ASSIGNED TASK> Each record, word for word and stripped of pictures, is what the answer should contain.

DATA FOR THIS TASK>

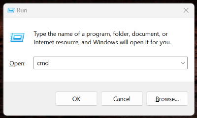 Windows + R 키를 입력하여 실행 창을 열고 cmd 를 입력한 후 확인 버튼을 클릭 실행합니다.
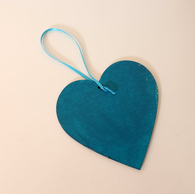 This heart decoration measures 4" x 4", it is painted on the reverse side in plain teal, it is varnished for protection and it has a turquoise ribbon for hanging. Please don't keep this in the sun as the colours may fade over time.
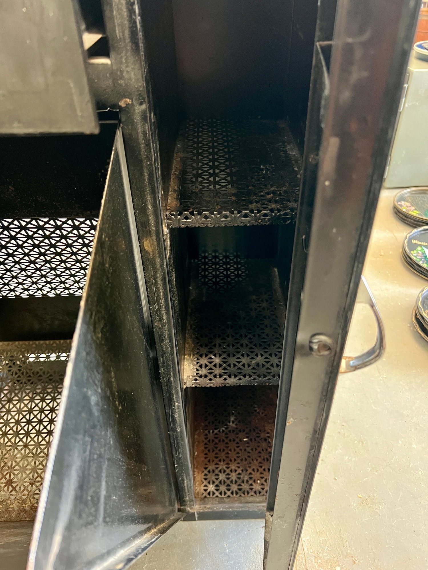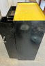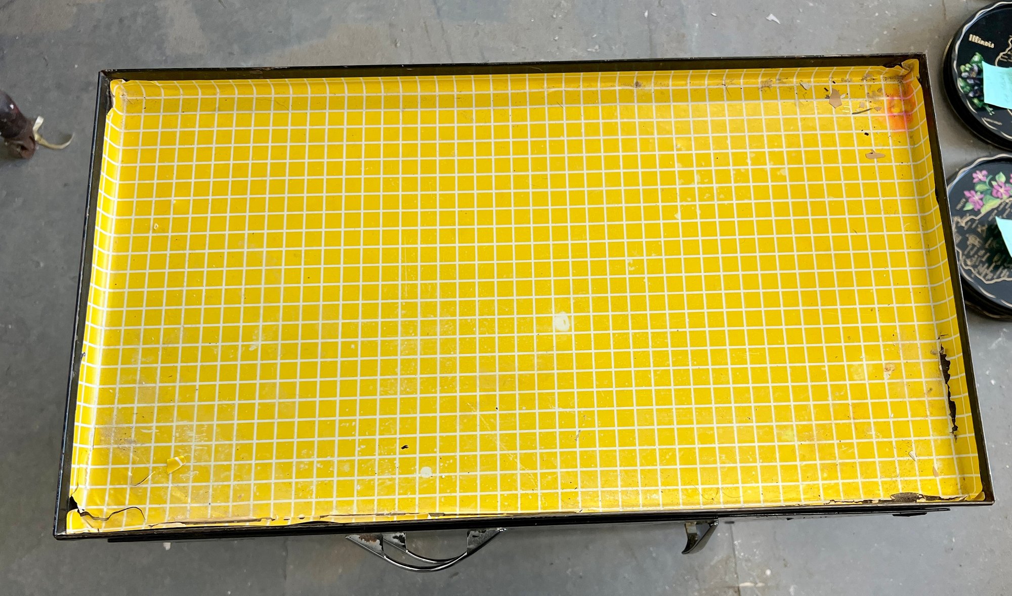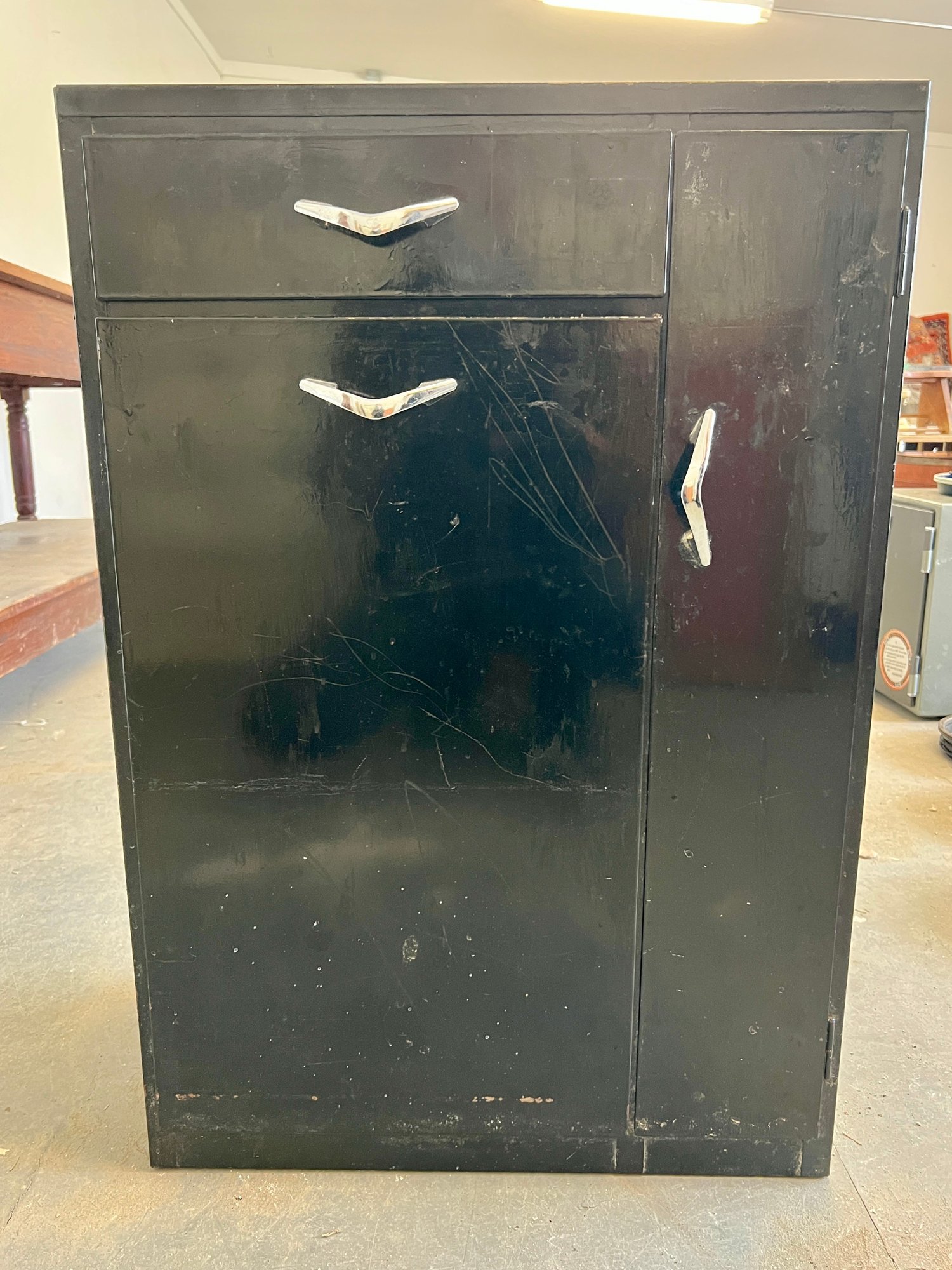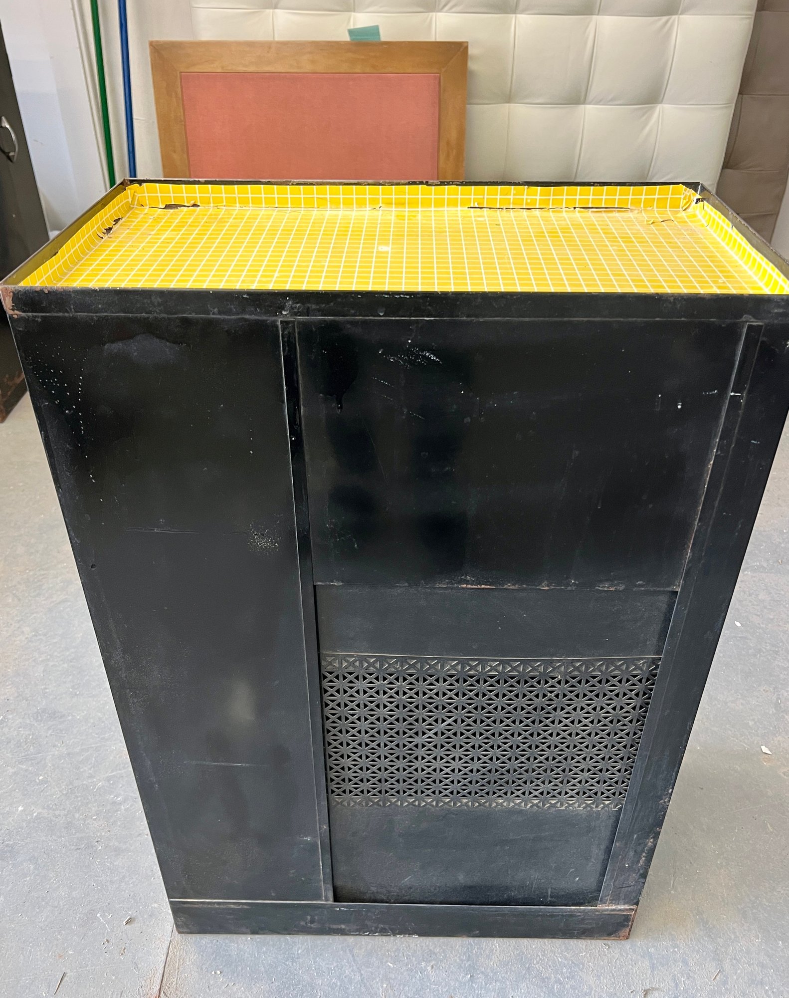 Vintage black metal cabinet with tip out mesh drawer. Metal finish is worn and cracked. Top has been covered in contact paper.
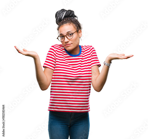 Young braided hair african american girl wearing glasses over isolated background clueless and confused expression with arms and hands raised. Doubt concept.
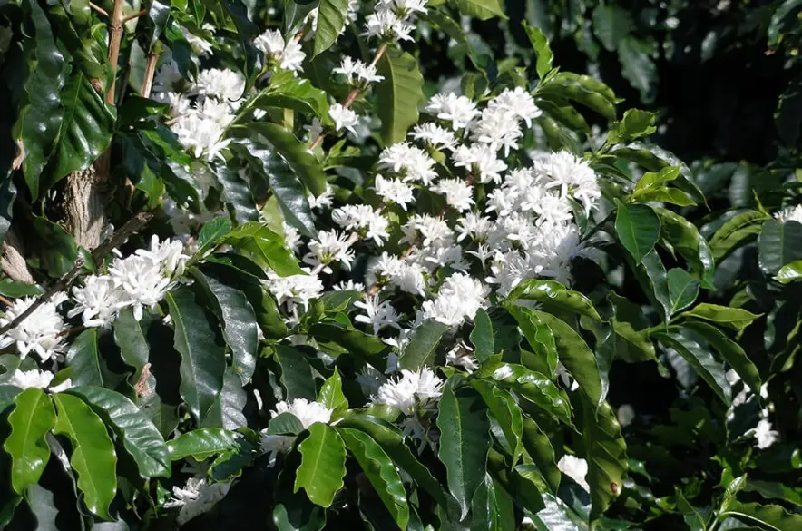 It is in the middle of October, at the beginning of the rains, that the coffee plant eakes up from its winter hibernation period and blooms. On the farm, people say that a blooming coffee plantation looks like a bridal veil. It’s beautiful!
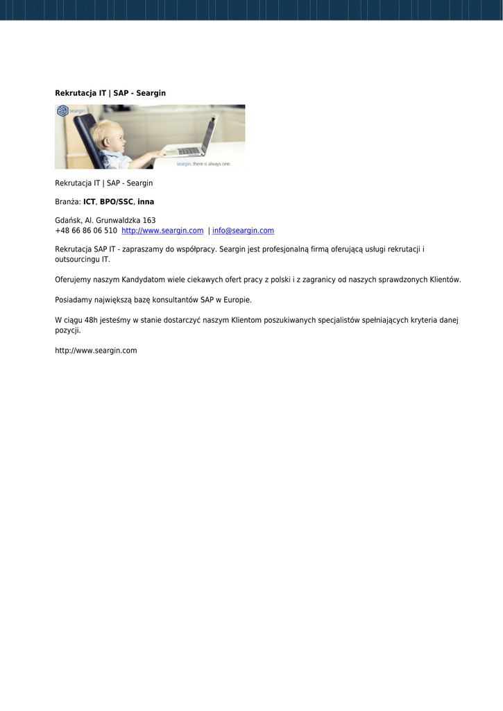 Rekrutacja IT | SAP - Seargin Rekrutacja IT | SAP - Seargin Branża: ICT, BPO/SSC, inna Gdańsk, Al. Grunwaldzka 163 +48 66 86 06 510 http://www.seargin.com | [email protected] Rekrutacja SAP IT - zapraszamy do współpracy. Seargin jest profesjonalną firmą oferującą usługi rekrutacji i outsourcingu IT. Oferujemy naszym Kandydatom wiele ciekawych ofert pracy z polski i z zagranicy od naszych sprawdzonych Klientów. Posiadamy największą bazę konsultantów SAP w Europie. W ciągu 48h jesteśmy w stanie dostarczyć naszym Klientom poszukiwanych specjalistów spełniających kryteria danej pozycji. http://www.seargin.com

ANSWER FOR THIS EXERCISE>
 Windows + R 키를 입력하여 실행 창을 열고 cmd 를 입력한 후 확인 버튼을 클릭 실행합니다.
 This heart decoration measures 4" x 4", it is painted on the reverse side in plain teal, it is varnished for protection and it has a turquoise ribbon for hanging. Please don't keep this in the sun as the colours may fade over time.
 Vintage black metal cabinet with tip out mesh drawer. Metal finish is worn and cracked. Top has been covered in contact paper.
 Young braided hair african american girl wearing glasses over isolated background clueless and confused expression with arms and hands raised. Doubt concept.
 It is in the middle of October, at the beginning of the rains, that the coffee plant eakes up from its winter hibernation period and blooms. On the farm, people say that a blooming coffee plantation looks like a bridal veil. It’s beautiful!
 Rekrutacja IT | SAP - Seargin Rekrutacja IT | SAP - Seargin Branża: ICT, BPO/SSC, inna Gdańsk, Al. Grunwaldzka 163 +48 66 86 06 510 http://www.seargin.com | [email protected] Rekrutacja SAP IT - zapraszamy do współpracy. Seargin jest profesjonalną firmą oferującą usługi rekrutacji i outsourcingu IT. Oferujemy naszym Kandydatom wiele ciekawych ofert pracy z polski i z zagranicy od naszych sprawdzonych Klientów. Posiadamy największą bazę konsultantów SAP w Europie. W ciągu 48h jesteśmy w stanie dostarczyć naszym Klientom poszukiwanych specjalistów spełniających kryteria danej pozycji. http://www.seargin.com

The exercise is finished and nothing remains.